Tomorrow I shall visit the old American base where the battle took place and then begin my long journey home.

That will be all for today.

Laos – Friendly Village

The night before I had arrived in the town of Khe Sanh. The streets were packed that evening with the night market crowds and I had to weave my motorcycle through the crowd carefully before I finally found my hotel.

Getting the visa-on-arrival into Laos was a pretty straightforward process. I paid the fee in american dollars get the stamp on my visa. I was pulled over shortly before crossing the border by a Vietnamese border guard who wanted to admire my motorcycle after checking my passport I was finally able to enter Laos.

The plan was to turn around almost immediately and return to Vietnam but I felt an inexplicable urge to keep going, omens perhaps, and I was drawn into the simple but beautiful landscape of Laos. As I kept on riding, I kept thinking, “Ok I should turn around now” and then I would just keep on riding. Again, I would think “Ok maybe now I should turn around” and again I would keep riding. I felt drawn to explore this more remote side of an already remote country.

Eventually I came across a small ethnic minority village, the people were either van kieu or ka po, and it was a very poor village with little to no electricity and no running water. I was struck by the poverty of this little village and I could see a big difference between the quality of life in Vietnam and in Laos. I was quick to discover, however, that the people were not miserable.

I parked my motorcycle, took of my helmet, and began to wander around the village taking pictures. I saw the small little stilt houses that the villagers lived in.

There was no running water but there was a satellite dish.
No satellite dish on this one.
The locals were looking at me with confusion.

Eventually, word went around town of a strange new visitor and the children came running. The adults eyed me with confusion but the children were adorably friendly.

These two children followed me from one side of the village all the way to the other.

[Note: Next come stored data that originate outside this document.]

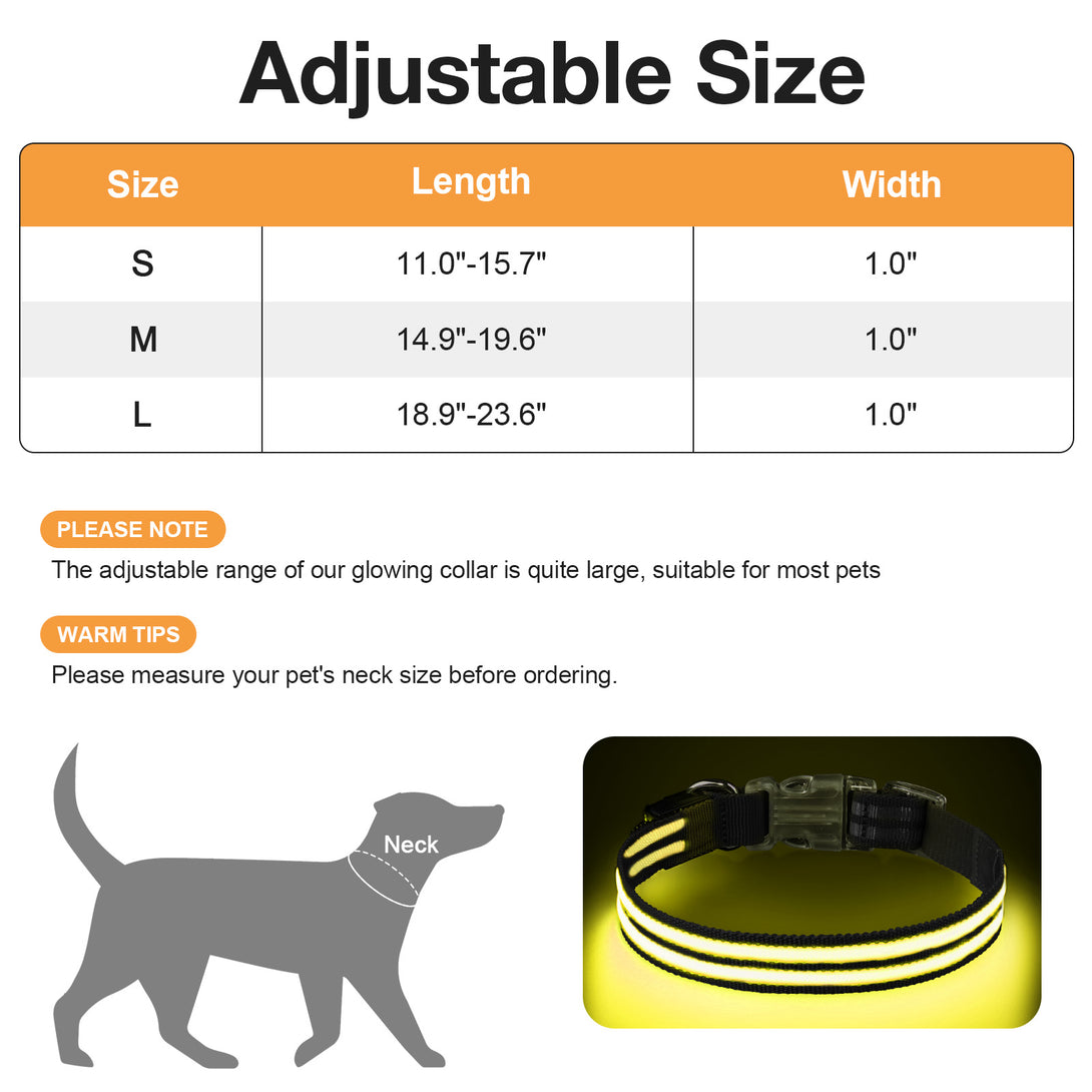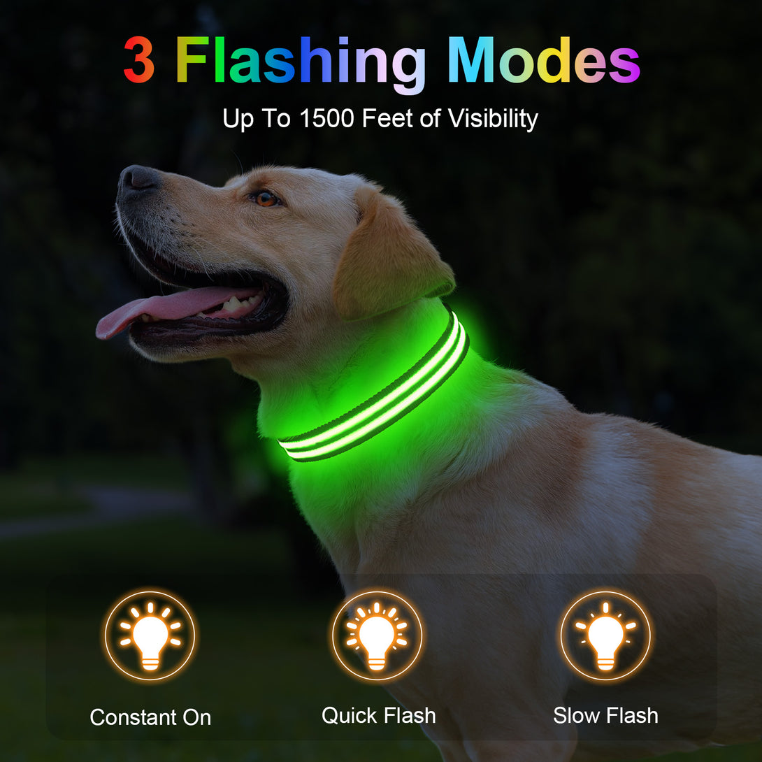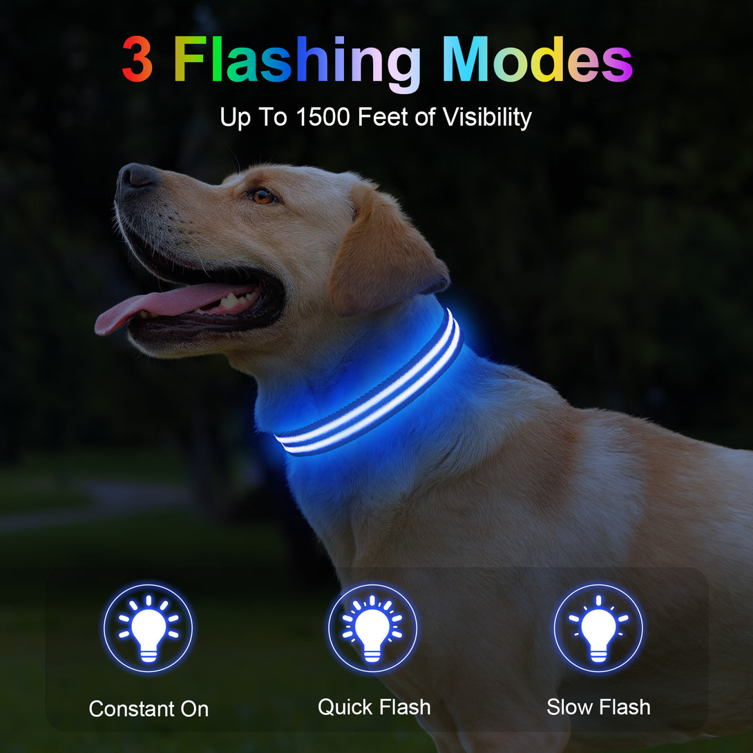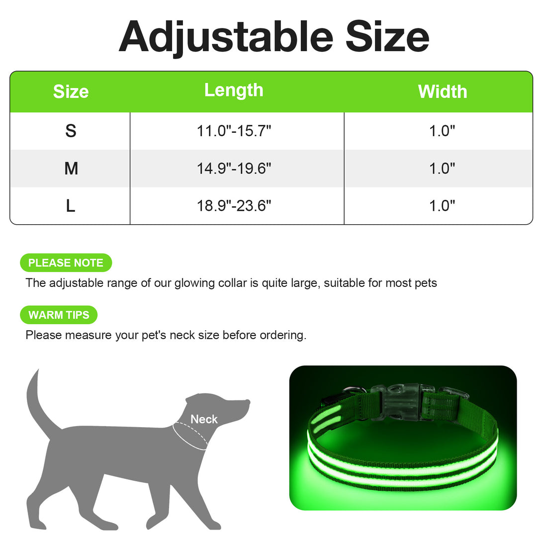 - 3 Flashing modes: fast flash, slow flash, steady glowing,make your pets stand out.This light-up dog collar is perfect whether day or night. please contact us if you have any problem.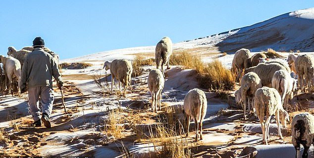不仅如此,就连沙特阿拉伯这种炎热的国家都出现了-2度的低温,当地居民与外国人也纷纷前往降雪的地区观雪,他们应该比南方人看到雪还要兴奋吧!另外,一名摄影师Karim Bouchetata在阿尔及利亚的艾因塞夫拉镇 (Ain Sefra) 上拍下了不少撒哈拉沙漠的雪景,可以看到在-3度的沙漠里,绵羊们对于降雪也感到非常好奇,纷纷围在一旁。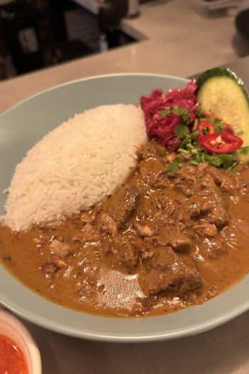 Pork pa lo is more thickened broth than curry, the fatty belly meat braised with an egg that boils hard and discolours to a muddy grey. What makes it is the sauce that coats everything; cinnamon, corriander, a little numbing clove. It’s a little sweet and a lot comforting. It’s also a meal in itself. We finish with an impossible choice of beef massaman or chicken panang curry, both two of the great dishes of street food. We take the massaman, a rich decadent, bowl of slowly cooked beef and the warm hug of spice. It’s impeccable.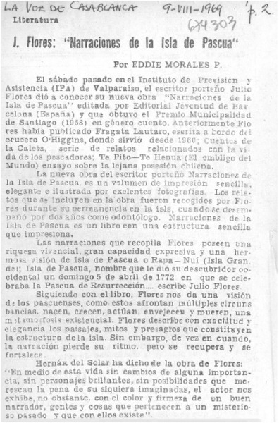 J. Flores, "narraciones de la Isla de Pascua" [artículo] Eddie Morales Piña.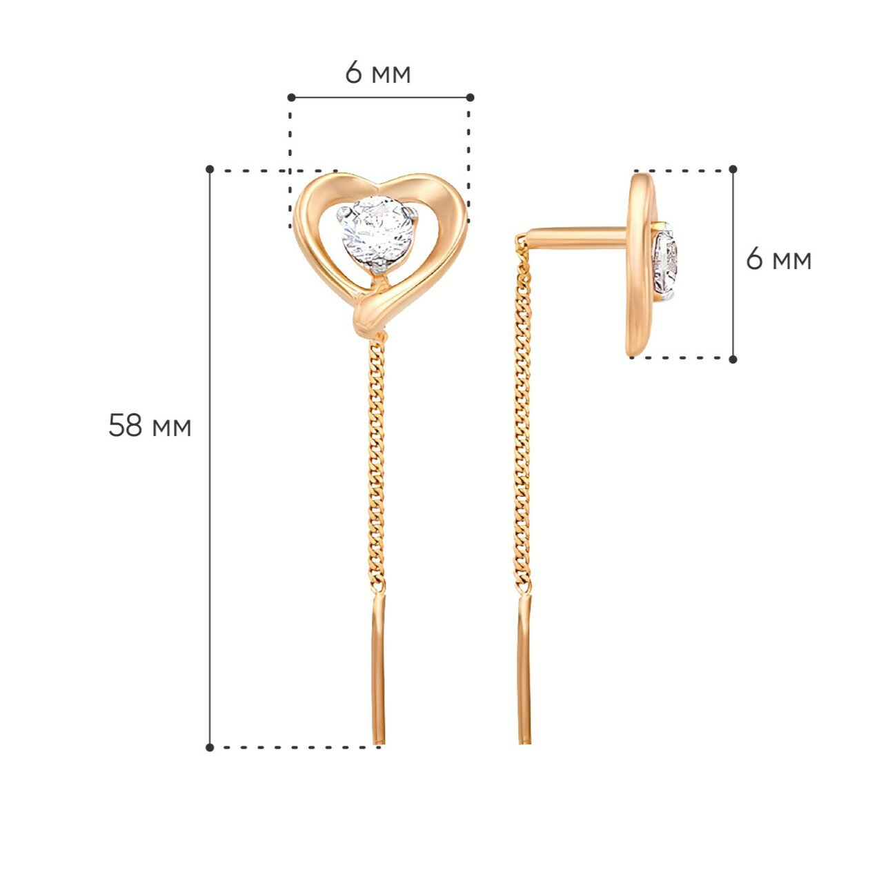 Серьги цепочки Яхонт, красное золото, 585 проба, фианит, размер 6 мм, длина 5.8 см, , бесцветный: сравнение цен, характеристики, фото, актуальное наличие и цены.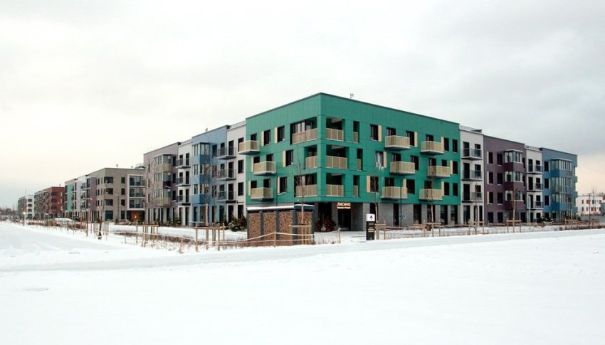 На Авиационной улице в Сестрорецке завершилось строительство первой очереди жилого микрорайона в «стиле» хаотизм. Под него отдали бывший лесопитомник близ аэродрома Горская.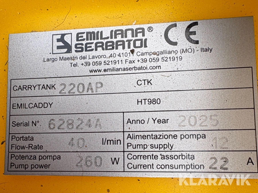 Dieseltank Emiliana Serbator 220AP 12V pump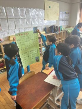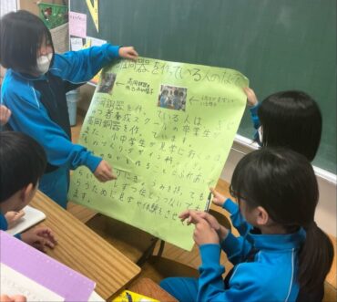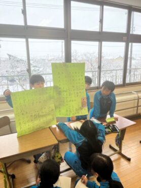 資料や写真を参考にしながら、人々が伝統を守るためにどのような工夫や努力をしているのかなどをまとめ、発表し合いました。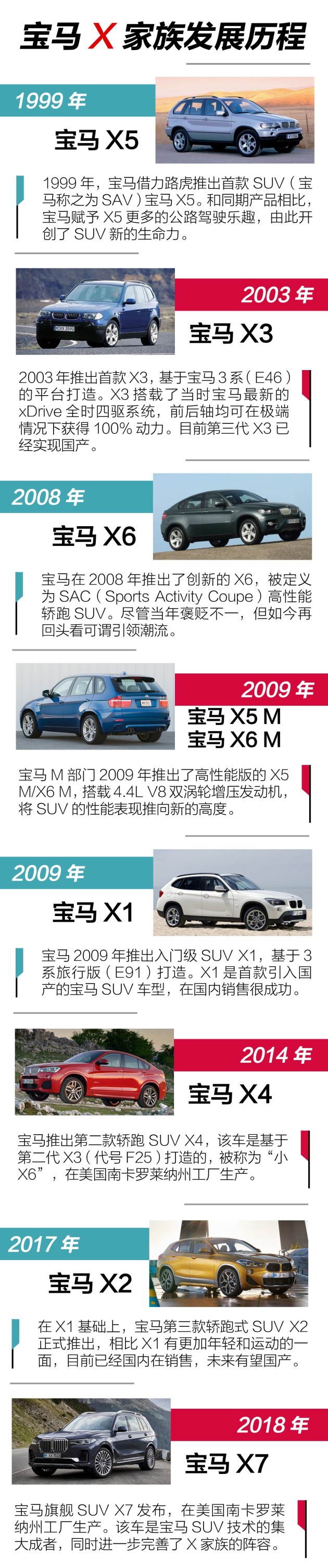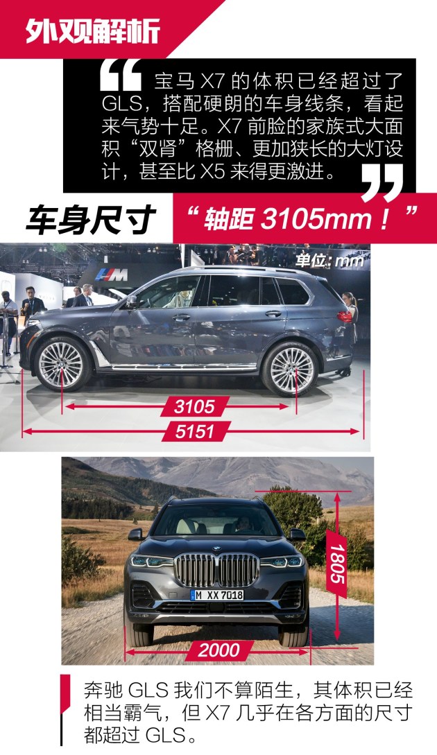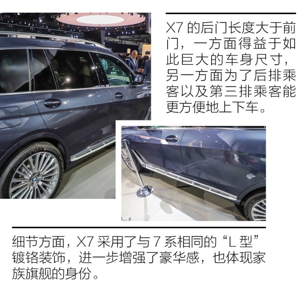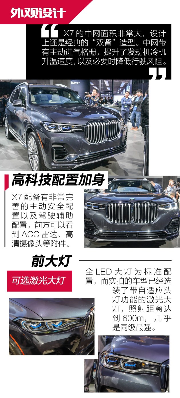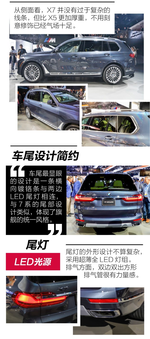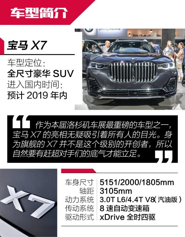 洛杉矶车展抢先体验宝马X7 全尺寸豪华SUV新境界 抢先体验 宝马汽车成立自1916年,但一直到1999年才推出首款SUV车型。不过宝马X家族自推出就一直很受欢迎,目前已经推出了从X1到X6全系列车型,销量也占到了总销量的1/3,可以说非常成功。而本次洛杉矶车展发布的旗舰SUV X7,则让宝马的SUV阵列更加完整,也展示了宝马在SUV领域的最高造诣。宝马X7外观:尺寸巨大 气势如虹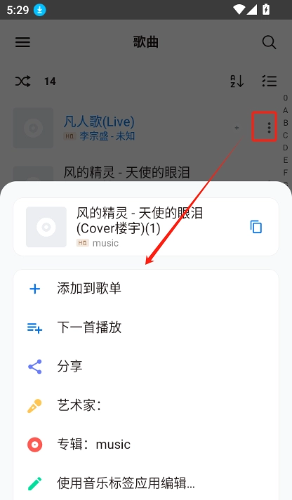 5.点击歌曲右边的【...】可以添加到歌单或者分享。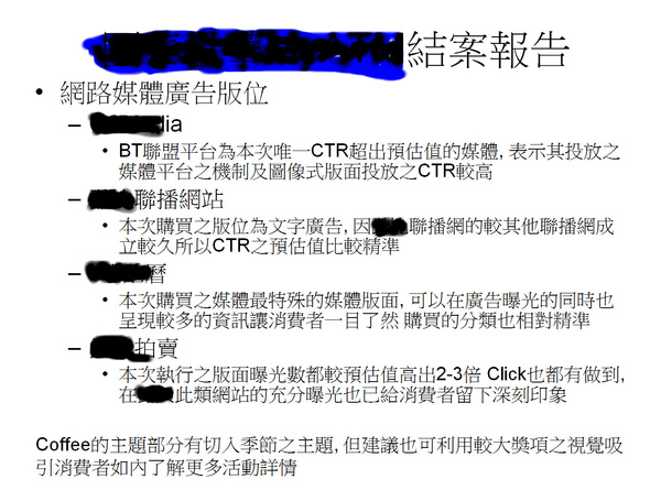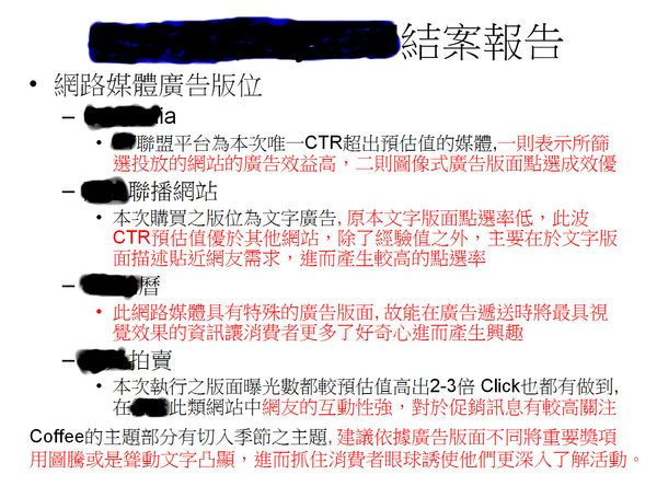 - 1.這個結案的結論是針對該波使用的各種聯播網站作分析,提供廣告主了解各個聯播網的優勢與效益。寫法卻非常拙劣,沒有任何數據來佐證這些網站的差異點在哪?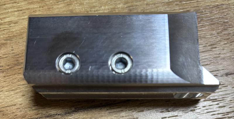 Das Gewicht beträgt ca. 80Gramm und wird mit 2 Inbusschrauben geliefert. Gebrauchsspuren und auf einer Seite leichte fräsrillen siehe Bild

All the village children gathered by the side of the road and screamed “hello” in English and enthusiastically. Apparently I was the most exciting thing to happen to this village in a long time.

These children were preparing a special type of grass, common in this part of Laos to be exported to Vietnam to be made into brooms.
After the children waved I gave them the “rock on” symbol and they started mimicking me. I accidentally taught them strange western hand symbols.

The next westerner to roll through is going to be so confused when the kids start giving him the “rock on” sign.

As soon as I got closer the girls got a little camera shy.
Friendly children of remote Laos.

The adult were not as friendly but when I smiled and waved at them they became much more friendly. Eventually the time came and I decided it was time to return to Khe Sanh in Vietnam. Many of the children followed me back to my motorcycle and we waved each other good bye as I rode by.

I was smiling the entire ride back to my hotel. This was a genuine experience, this was real Laos. This was real South East Asia. I have never cared for famous sites like Big Ben or the Eiffel tower, I have always preferred to experience the authentic versions of the countries I visit and in that village I experienced the real and simply beautiful side of Laos. I was also kind of sad to be leaving.

I sure hope I left a good impression on this village, because the village left a good impression on me.